## Records to use
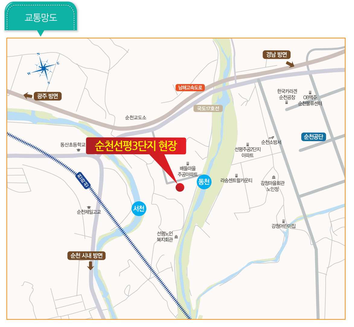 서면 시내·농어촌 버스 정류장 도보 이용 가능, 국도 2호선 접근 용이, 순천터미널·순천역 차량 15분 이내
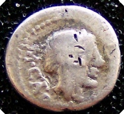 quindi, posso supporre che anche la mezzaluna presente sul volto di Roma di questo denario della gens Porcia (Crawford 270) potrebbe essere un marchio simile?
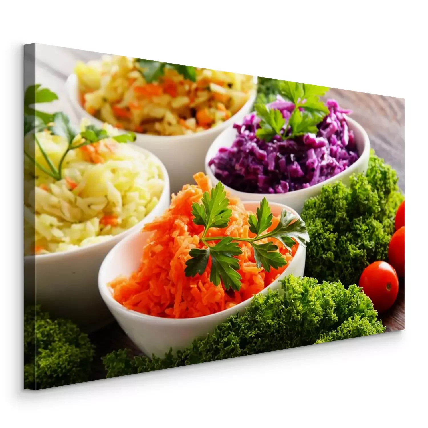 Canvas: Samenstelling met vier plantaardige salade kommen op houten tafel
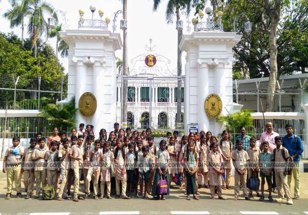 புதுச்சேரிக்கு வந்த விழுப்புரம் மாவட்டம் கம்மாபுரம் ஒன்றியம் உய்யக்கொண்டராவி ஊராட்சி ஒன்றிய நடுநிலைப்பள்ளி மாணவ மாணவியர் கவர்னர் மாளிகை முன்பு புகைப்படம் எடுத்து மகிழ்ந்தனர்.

==

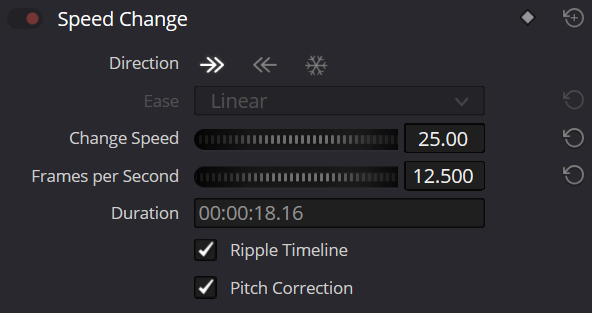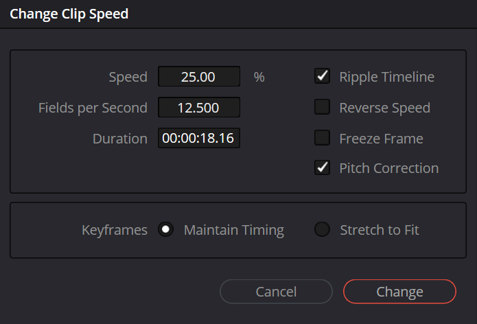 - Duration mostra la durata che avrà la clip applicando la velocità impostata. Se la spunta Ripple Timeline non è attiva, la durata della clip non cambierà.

---

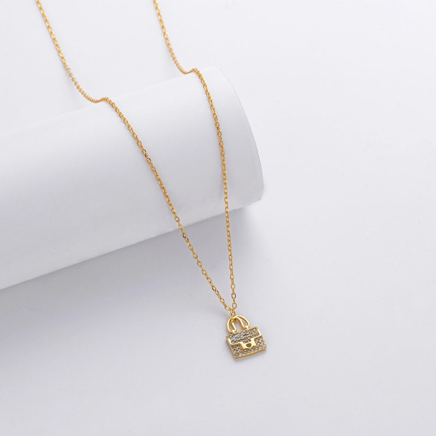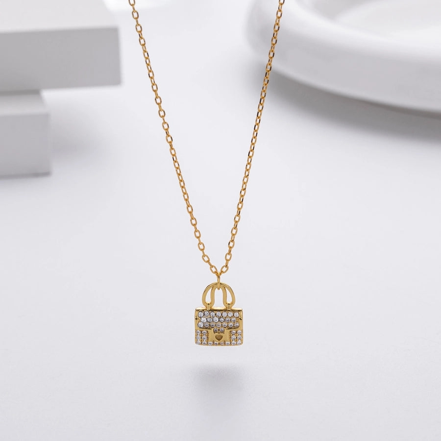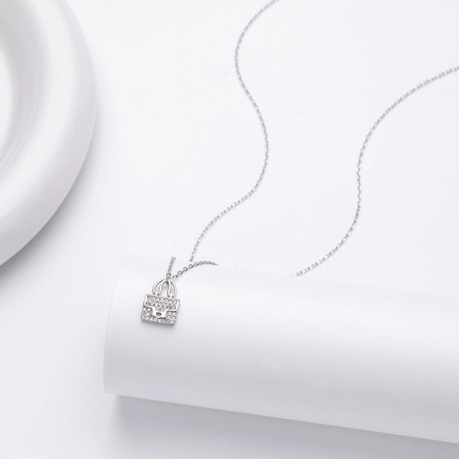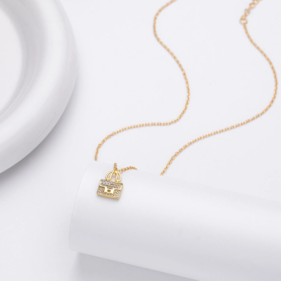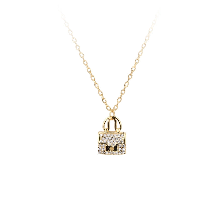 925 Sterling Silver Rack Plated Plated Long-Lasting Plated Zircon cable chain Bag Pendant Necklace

## Task statement
Looking above, find the stretch of lines that opens with the one holding "서면 시내·농어촌 버스" and closes with the one holding "Canvas: Samenstelling met". Copy it exactly, pictures excluded.

## Output
 서면 시내·농어촌 버스 정류장 도보 이용 가능, 국도 2호선 접근 용이, 순천터미널·순천역 차량 15분 이내
 quindi, posso supporre che anche la mezzaluna presente sul volto di Roma di questo denario della gens Porcia (Crawford 270) potrebbe essere un marchio simile?
 Canvas: Samenstelling met vier plantaardige salade kommen op houten tafel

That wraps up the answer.